Conversely, the Fund may terminate a position in a put or call option it had
purchased by writing an identical put or call option; this is known as a
closing sale transaction. Closing transactions permit the Fund to realize
profits or limit losses on an option position prior to its exercise or
expiration.
 
  The Fund may purchase and write both exchange-traded and OTC options.
Exchange-traded options in the United States are issued by a clearing
organization affiliated with the exchange on which the option is listed which,
in effect, guarantees completion of every exchange-traded option transaction.

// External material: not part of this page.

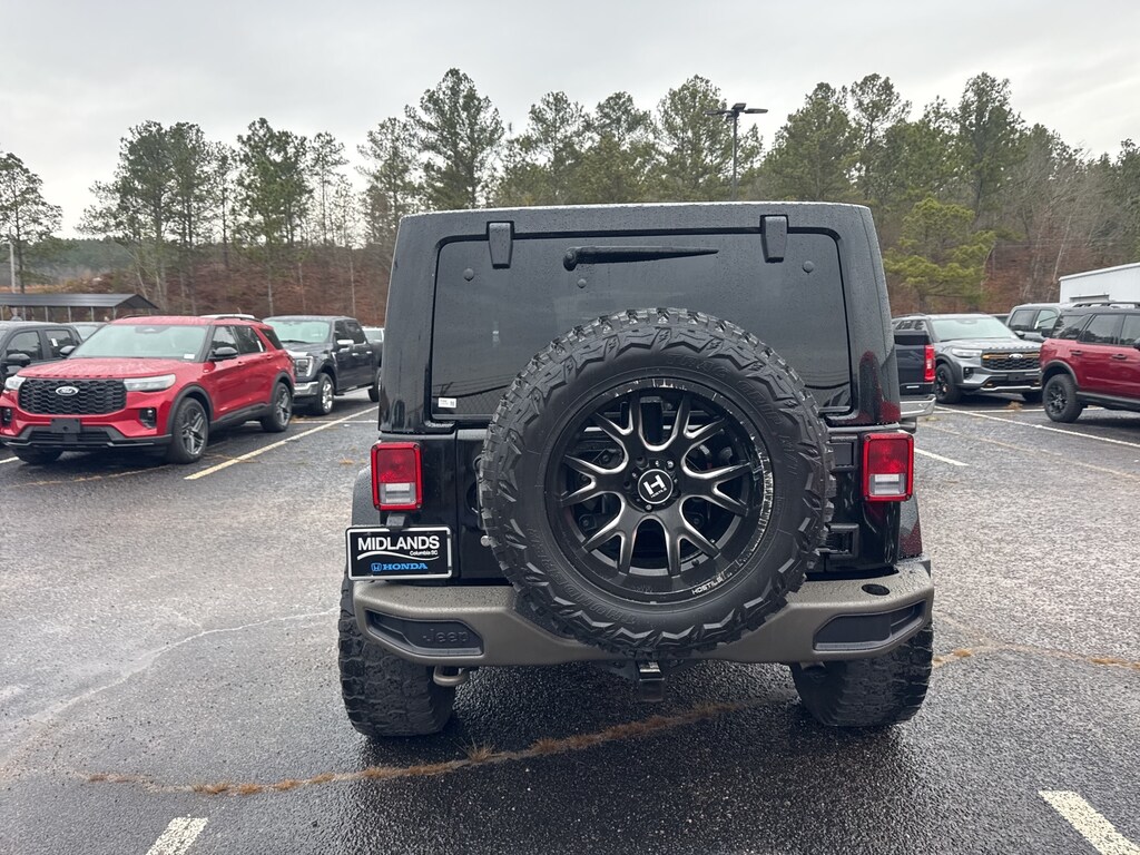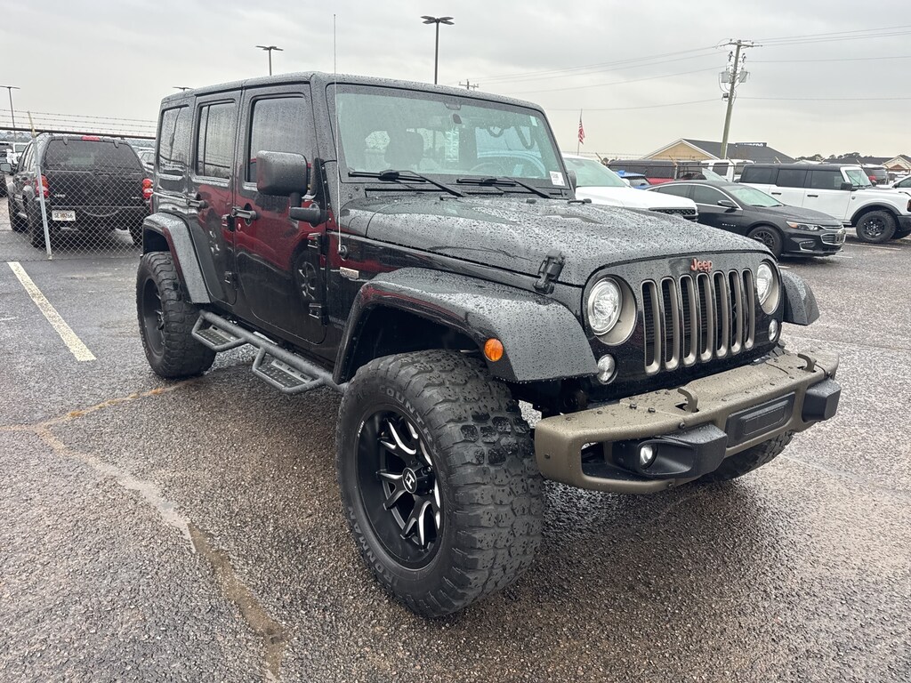 This vehicle comes equipped with Connectivity Group (Remote USB Port, Tire Pressure Monitoring Display, Uconnect Voice Command w/Bluetooth, and Vehicle Information Center), Jeep 75th Anniversary Package, Quick Order Package 24H 75th Anniversary (DISC) (2 Front & 1 Rear Bronze Tow Hook, 75th Anniversary Badge, Anti-Spin Differential Rear Axle, Body Color Grille w/Bronze Accent, Bronze Jeep Grille Badge, Bronze Steel Front Bumper, Bronze Steel Rear Bumper, Bronze Trail Rated Badge, Chrome/Leather Wrapped Shift Knob, Driver Height Adjuster Seat, Heated Front Seats, Hood w/Power Dome, IP Grab Handle w/75th Anniversary Logo, Leather Seat w/Cloth (Ombre Mesh) (DISC), Low Gloss Black Wrangler Decal, MOPAR Slush Mats, Moroccan Sun Instrument Panel Bezel, Moroccan Sun Interior Accents, Premium Black Sunrider Soft Top, Radio: 430 (DISC), and Wheels: 17 x 7.5 Aluminum Bronze (DISC)), 18" x 7.5" Polished Satin Carbon Wheels, 3.21 Rear Axle Ratio, 4-Wheel Disc Brakes, 40GB Hard Drive w/28GB Available, 5-Year SiriusXM Travel Link Service, 6.5" Touchscreen Display, 8 Speakers, ABS brakes, Air Conditioning, Alloy wheels, AM/FM radio: SiriusXM, Audio Jack Input for Mobile Devices, Auto-dimming Rear-View mirror, Brake assist, CD player, Cloth Seats w/Adjustable Head Restraints, Compass, Driver door bin, Driver vanity mirror, Dual front impact airbags, Electronic Stability Control, Freedom Panel Storage Bag, Front anti-roll bar, Front Bucket Seats, Front Center Armrest w/Storage, Front fog lights, Front reading lights, Fully automatic headlights, GPS Navigation, Heated door mirrors, Heavy Duty Suspension w/Gas Shocks (DISC), Illuminated entry, Integrated roll-over protection, Leather steering wheel, Low tire pressure warning, Occupant sensing airbag, Outside temperature display, Panic alarm, Passenger door bin, Passenger vanity mirror, Power door mirrors, Power steering, Power windows, Radio data system, Radio: 130, Radio: 430 Nav, Rear anti-roll bar, Rear Window Defroster, Rear Window Wiper/Washer, Remote keyless entry, Remote Start System, Security system, SiriusXM Travel Link, Speed control, Split folding rear seat, Steering wheel mounted audio controls, Tachometer, Tilt steering wheel, Traction control, Trip computer, and Variably intermittent wipers.

In contrast, OTC options are contracts between the Fund and its counterparty
(usually a securities dealer or a bank) with no clearing organization
guarantee. Thus, when the Fund purchases or writes an OTC option, it relies on
the counterparty to make or take delivery of the Fund investment upon exercise
of the option. Failure by the counterparty to do so would result in the loss
of any premium paid by the Fund as well as the loss of any expected benefit of
the transaction.
 
  Generally, the OTC debt options used by the Fund are European-style options.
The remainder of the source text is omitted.